Exercise prompt:
Print nothing but the lines below starting at the line that holds "Figure 9 presents" and ending at the line that holds "Если вы обнаружили", including both, each exactly as written.

Records for this task:

==============================

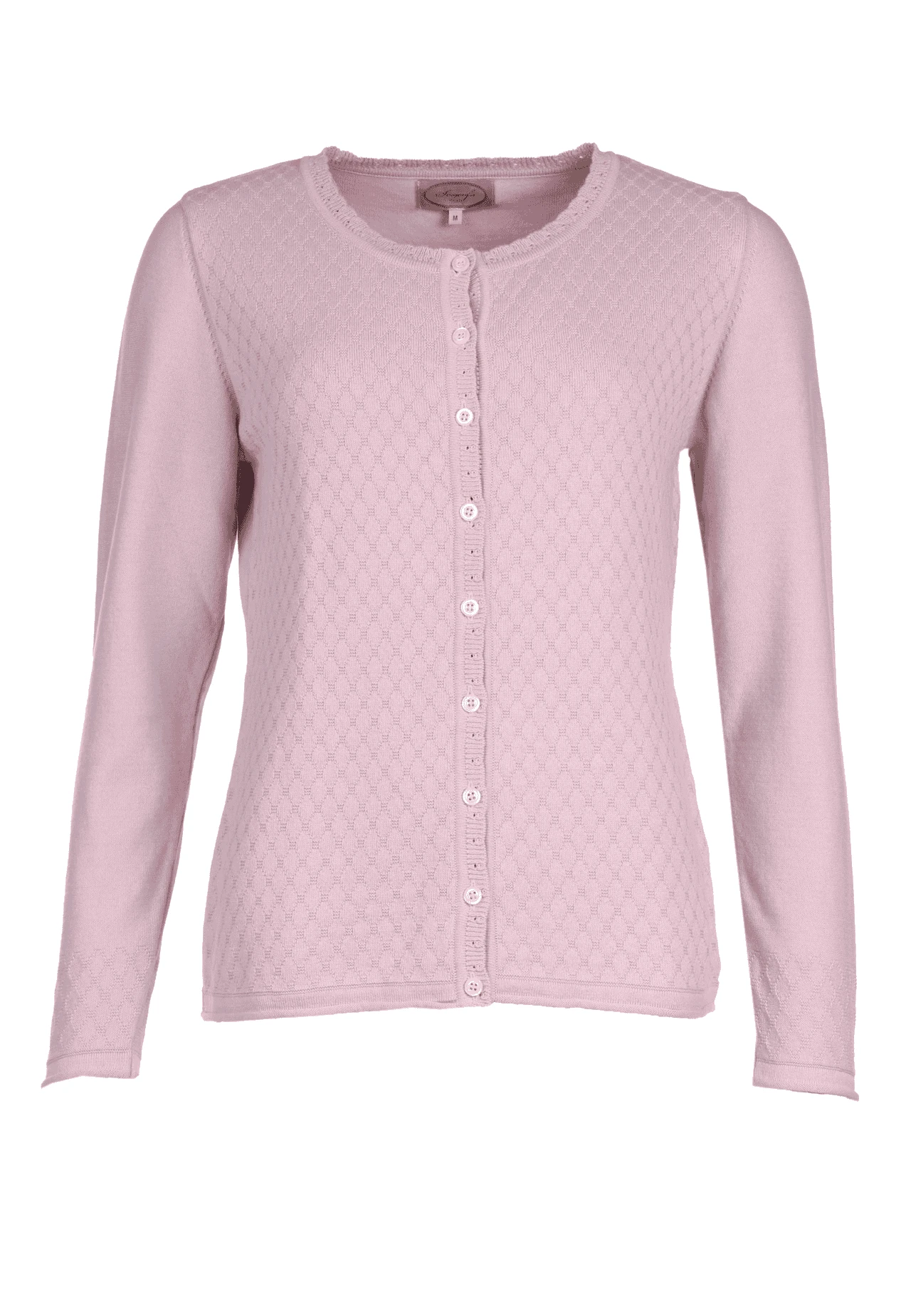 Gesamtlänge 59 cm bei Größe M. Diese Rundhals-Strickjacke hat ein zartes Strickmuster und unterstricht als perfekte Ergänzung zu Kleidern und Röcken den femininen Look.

==============================

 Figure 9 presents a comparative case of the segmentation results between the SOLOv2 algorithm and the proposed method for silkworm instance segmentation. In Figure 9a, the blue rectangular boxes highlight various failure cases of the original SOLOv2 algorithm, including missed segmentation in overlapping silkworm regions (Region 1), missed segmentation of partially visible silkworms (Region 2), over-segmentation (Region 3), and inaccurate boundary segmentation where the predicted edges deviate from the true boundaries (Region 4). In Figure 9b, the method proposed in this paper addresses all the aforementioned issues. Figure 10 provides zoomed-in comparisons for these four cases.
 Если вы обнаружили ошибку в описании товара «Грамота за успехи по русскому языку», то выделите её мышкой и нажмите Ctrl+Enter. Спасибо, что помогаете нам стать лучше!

==============================

Exercise response:
 Figure 9 presents a comparative case of the segmentation results between the SOLOv2 algorithm and the proposed method for silkworm instance segmentation. In Figure 9a, the blue rectangular boxes highlight various failure cases of the original SOLOv2 algorithm, including missed segmentation in overlapping silkworm regions (Region 1), missed segmentation of partially visible silkworms (Region 2), over-segmentation (Region 3), and inaccurate boundary segmentation where the predicted edges deviate from the true boundaries (Region 4). In Figure 9b, the method proposed in this paper addresses all the aforementioned issues. Figure 10 provides zoomed-in comparisons for these four cases.
 Если вы обнаружили ошибку в описании товара «Грамота за успехи по русскому языку», то выделите её мышкой и нажмите Ctrl+Enter. Спасибо, что помогаете нам стать лучше!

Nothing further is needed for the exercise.